Spannender YA-Krimi mit kleinen Schwächen, aber starkem Finale
Missing Page - Tödliche Worte„Missing Page – Tödliche Worte“ von Katie Kento hat mich insgesamt gut unterhalten, auch wenn ich beim Lesen ein paar gemischte Gefühle hatte.
Der Einstieg in die Geschichte ist eher ruhig. Man lernt ...
„Missing Page – Tödliche Worte“ von Katie Kento hat mich insgesamt gut unterhalten, auch wenn ich beim Lesen ein paar gemischte Gefühle hatte.
Der Einstieg in die Geschichte ist eher ruhig. Man lernt zunächst die verschiedenen Figuren und das Setting kennen, was zwar wichtig ist, sich für mich aber stellenweise etwas gezogen hat. Auch im Mittelteil hatte ich das Gefühl, dass sich einige Passagen etwas in die Länge ziehen. Es werden viele Theorien aufgestellt und wieder verworfen, wodurch es mir manchmal schwerfiel, den Überblick zu behalten und einzuschätzen, was wirklich relevant ist.

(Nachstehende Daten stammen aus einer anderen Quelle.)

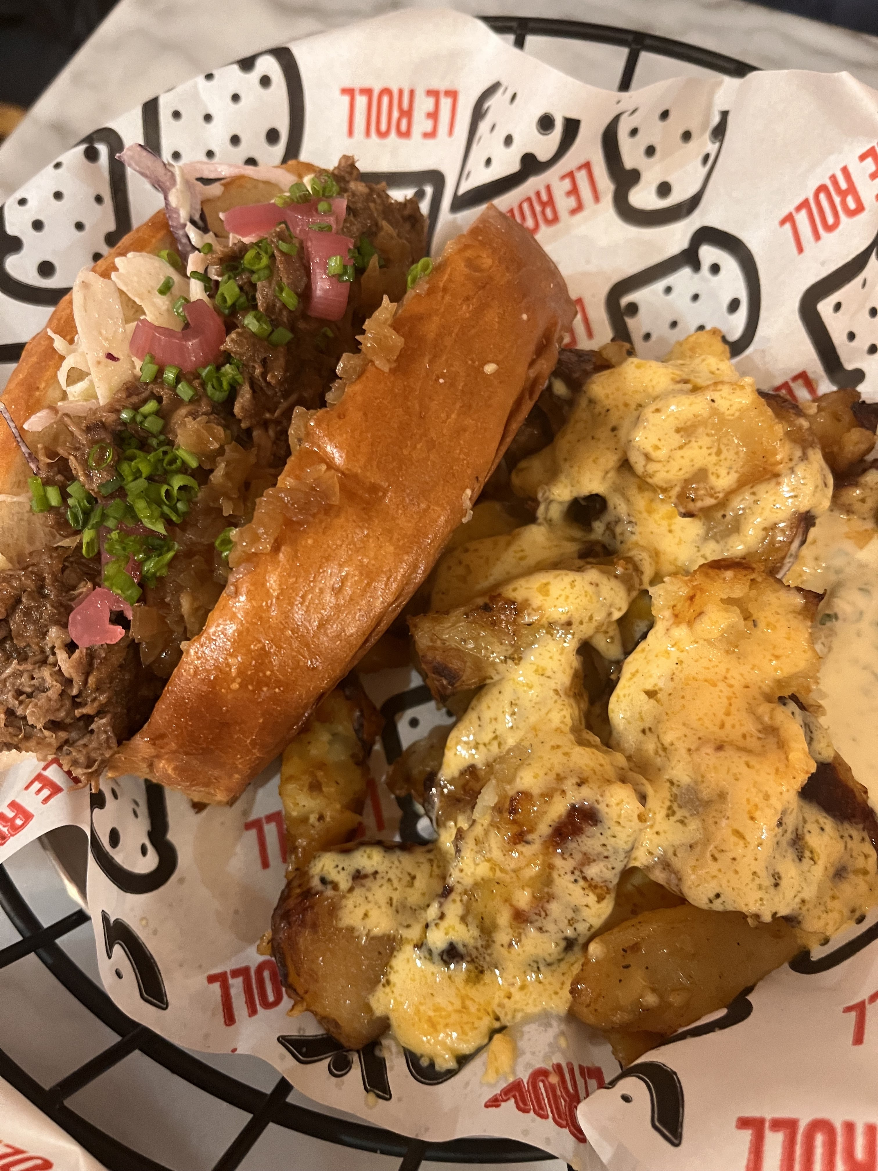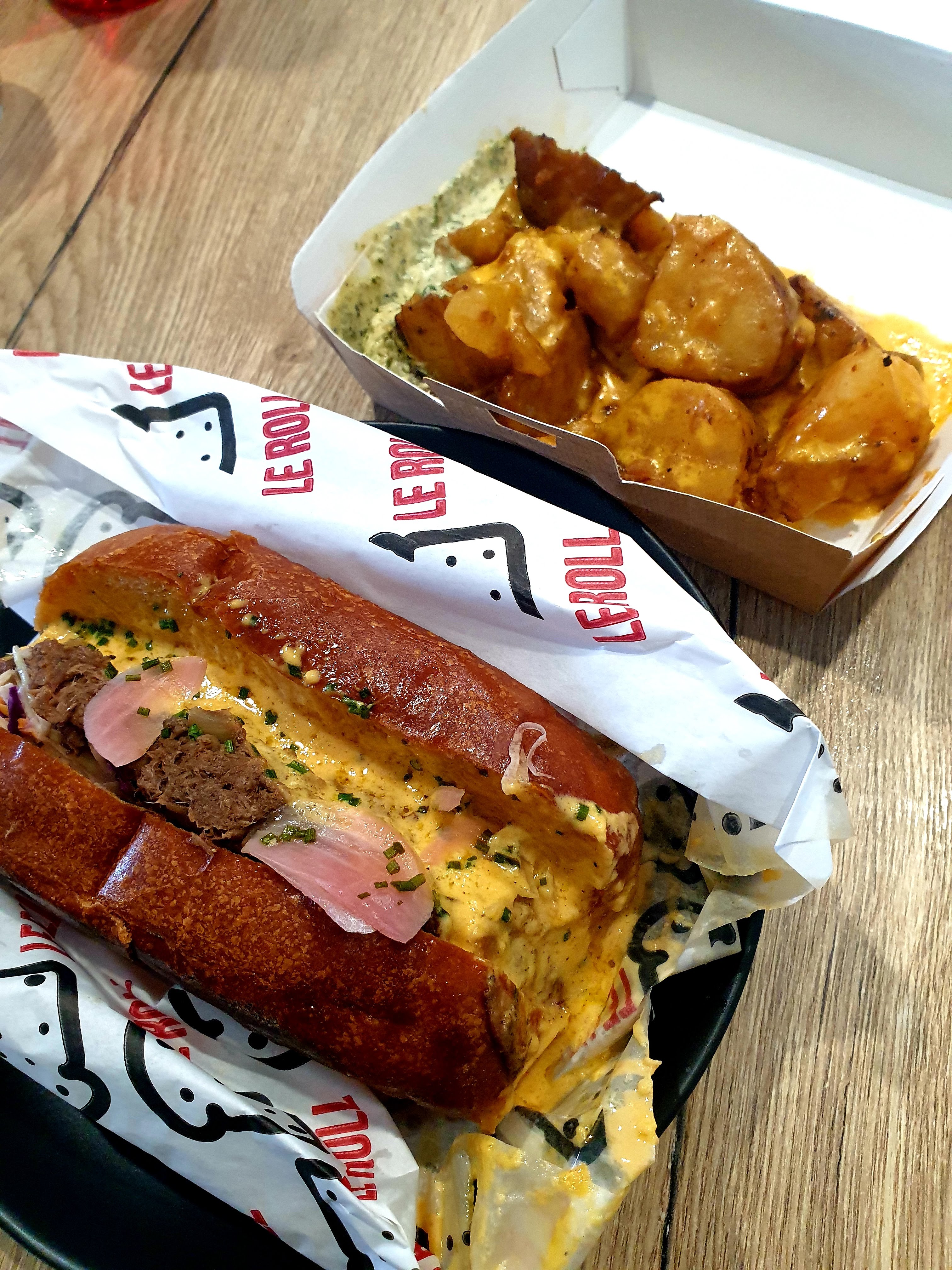 J’ai commandé sur Uber Eats un roll boeuf cheese avec des patates au fromage sauce ciboulette et supplément sauce piquante avec en dessert une mousse au chocolat. C’était incroyable ! Les patates étaient en petite quantité mais cela m’a très largement suffit, je n’en pouvais déjà plus alors que je n’avais pas encore entamé le roll 😅 En ce qui concerne le roll, la viande est juteuse et on sent que c’est du bœuf bourguignon. La viande se marie très bien avec le cheddar et les légumes. ⚠️Je déconseille fortement aux personnes n’aimant pas le boeuf/ & où n’ayant jamais mangées de boeuf bourguignon de commander ce roll ! La brioche rend le roll très consistant, je vous déconseille d’en commander 2 ( à moins d’avoir très faim ) En ce qui concerne le dessert, la mousse au chocolat était incroyable. On sent bien le praliné et le chocolat n’est pas du tout écœurant ! C’était ma première commande mais ça ne sera pas la dernière 😊 Vous méritez amplement 5 étoiles: 🌟🌟🌟🌟🌟

Was das Buch für mich aber definitiv rausgerissen hat, war der letzte Abschnitt. Hier zieht die Spannung deutlich an und es passiert gefühlt Schlag auf Schlag. Die vielen Wendungen haben mir gut gefallen, vor allem weil ich mit meinen eigenen Vermutungen nicht richtig lag. Besonders gelungen fand ich, wie sich am Ende die verschiedenen Handlungsstränge zusammenfügen und ein Gesamtbild ergeben.
Das Setting des abgelegenen Herrenhauses und die düstere Atmosphäre konnten mich von Anfang an abholen. Auch die Grundidee mit dem Schreibworkshop und dem Wettbewerb um das Erbe fand ich sehr spannend. Die Figuren bleiben lange undurchsichtig, was gut zum Miträtseln einlädt, auch wenn ich zu einigen Charakteren keine ganz tiefe Verbindung aufbauen konnte.
Insgesamt ist „Missing Page“ für mich ein solider YA-Thriller mit einer starken Auflösung, kleinen Längen im Mittelteil und einer durchgehend interessanten Grundidee. Kein absolutes Highlight, aber definitiv lesenswert für alle, die gerne miträtseln.